FINDERS, KEEPERS

Two recent events – one legal and the other technological – have brought asteroid mining a step closer to reality.

The legal development came about when the Senate Commerce, Science and Transportation Committee passed a bill titled H.R. 2262 — SPACE Act of 2015. The bill has a number of measures designed to facilitate commercial space development, and includes a provision that gives companies or individuals ownership of any material that they mine in outer space.

According to an estimate, asteroid mining could potentially develop into a trillion dollar market.

MATERIAL DETECTOR

The technological development is a new generation gamma-ray spectroscope designed to detect gold, platinum, rare earth elements, and other valuable material hidden within asteroids. It can also detect the material inside moons and airless objects floating around the solar system. It is heralded as just the type of “sensor” that will be needed by asteroid miners in order to pinpoint valuable materials.

A team of scientists from Vanderbilt and Fisk Universities, NASA’s Jet Propulsion Laboratory and the Planetary Science Institute developed the sensor concept.

The new technology is outlined in the article “New ultra-bright scintillators for planetary gamma-ray spectroscopy” published Oct. 23 in the SPIE Newsroom. SPIE is the International Society for Optics and Photonics and its SPIE Newsroom publishes noteworthy scientific achievements in the area of optics and photonics.

The planetary gamma-ray spectroscopy works by taking advantage of the fact that all of the objects in the solar system are constantly bombarded by cosmic rays. These high-energy particles from deep space strike exposed surfaces at different velocities, smashing apart atoms in the top layers and producing a secondary shower of particles, including neutrons. The neutrons then collide repeatedly with the atoms in the material, producing gamma rays as they go (gamma rays are a type of electromagnetic radiation like light, but they are more powerful and penetrating).

A gamma-ray spectroscope records the intensity and wavelengths of gamma rays coming from a surface. This spectrum can be analyzed to assess the concentration of important, rock-forming elements such as oxygen, magnesium, silicon, and iron as well as precious metals like gold and valuable crystals like diamonds.

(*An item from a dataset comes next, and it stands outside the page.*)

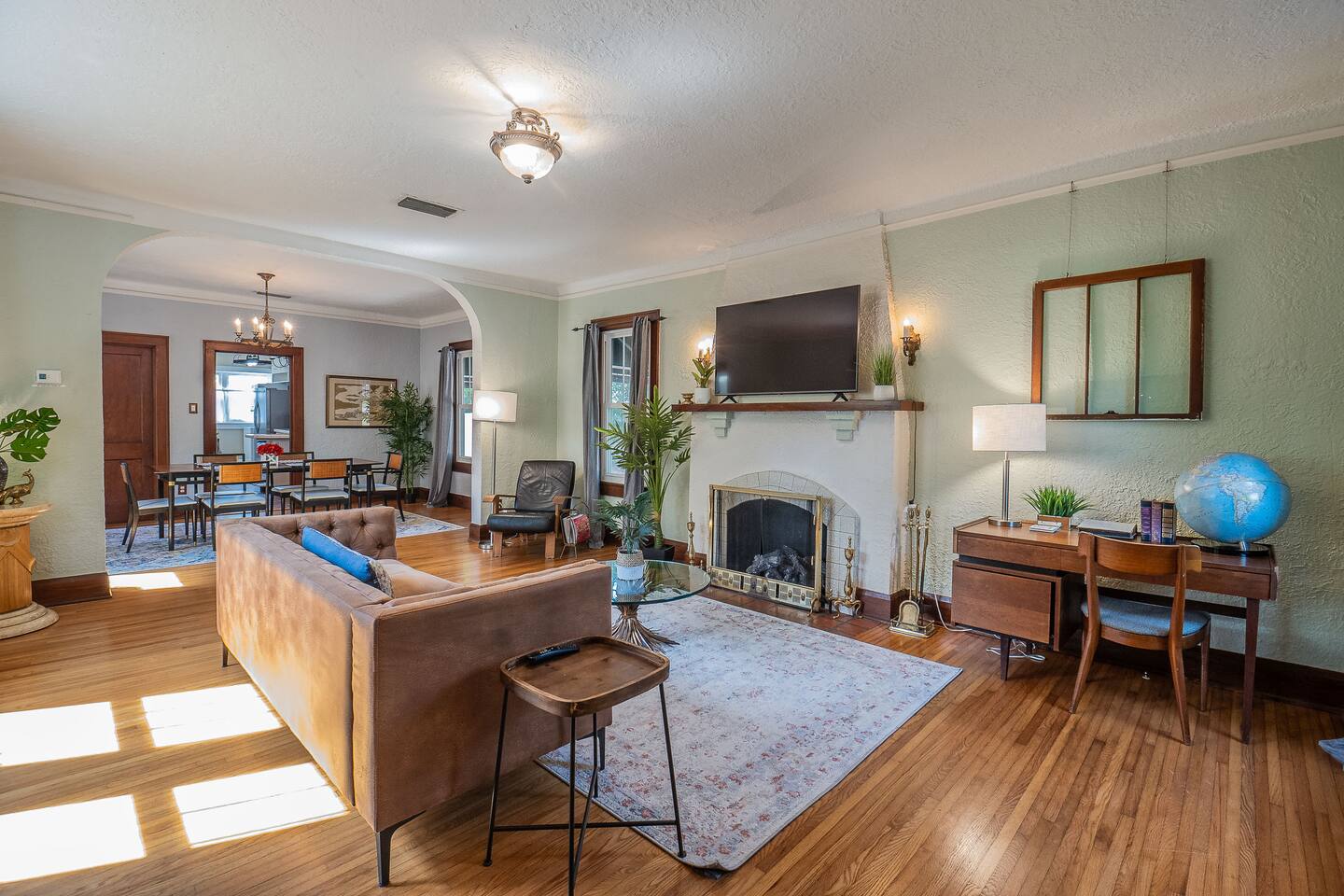 √ Bedroom One: The centerpiece of the modern themed bedroom is a queen sized bed with a comfy mattress and linens that promise a restful night's sleep. It has a closet & storage space for extended stays. Gorgeous natural sunlight. √ Bedroom Two: This stylish bedroom comes with a queen sized bed with a comfy mattress and linens. It has a closet & storage space for extended stays. Gorgeous natural sunlight. √ Guest Full Bathroom: Cute Bathroom with a tub/shower combo. Shampoo, conditioner, body wash and a hair dryer available for use. Plenty of towels available. √ Living Room: Curl up on the couched and enjoy your favorite show or movie on the smart TV. This living room comfortably seats 4 people. √ Kitchen: The kitchen is equipped with everything you need to prepare a meal. Whether you're whipping up a meal from scratch or reheating leftovers, you'll find all the tools you need. For coffee drinkers, you’ll find a drip coffee maker with coffee, creamer, and sugar as well as tea options. √ Dining: The dining room table has seating for 6. The breakfast nook in the kitchen seats 4. √ Extras: - Walking distance to a beautiful walking path and public golf course. Gorgeous playground minutes away. - Multiple outdoor seating areas - Washer and dryer (supplies included) - Pet friendly with paid pet fee!

“Space missions to the Moon, Mars, Mercury and the asteroid Vesta among others have included low-resolution spectrometers, but it has taken months of observation time and great expense to map their elemental surface compositions from orbit,” said Professor of Astronomy Keivan Stassun, the Vanderbilt co-author. “With our proposed system it should be possible to measure sub-surface elemental abundances accurately, and to do it much more cheaply because our sensors weigh less and require less power to operate. That is good news for commercial ventures where cost, power and launch weight are all at a premium.”

The new instrument uses a key component - the recently discovered material, europium-doped strontium iodide (SrI2). This is a transparent crystal which can be an extremely efficient gamma-ray detector. It registers the passage of gamma rays by emitting flashes of light which can be detected and recorded.

“The gold standard for gamma-ray spectroscopy is the high purity germanium (HPGe) detector,” said Fisk Professor of Physics Arnold Burger, who developed the SrI2 detector. “However, it requires cryogenic cooling so it is very bulky. It also needs vacuum-tube technology so it consumes too much energy to run on batteries. SrI2 isn’t quite as good HPGe, but it is more than adequate to do the job and it is compact enough and its power requirements low enough so that it can be used in spacecraft and even placed on robotic landers.”

The first commercial missions to nearby asteroids could launch as early as 2020, but asteroid mining would still be decades after that. However, the new spectroscopic technology would, for the meantime, provide planetary scientists with new details about the chemical composition of asteroids, comets, moons, and minor planets in the solar system.

Likewise, it could become an important planetary defense arsenal, since it can determine whether objects crossing Earth’s orbit are made from rock or ice.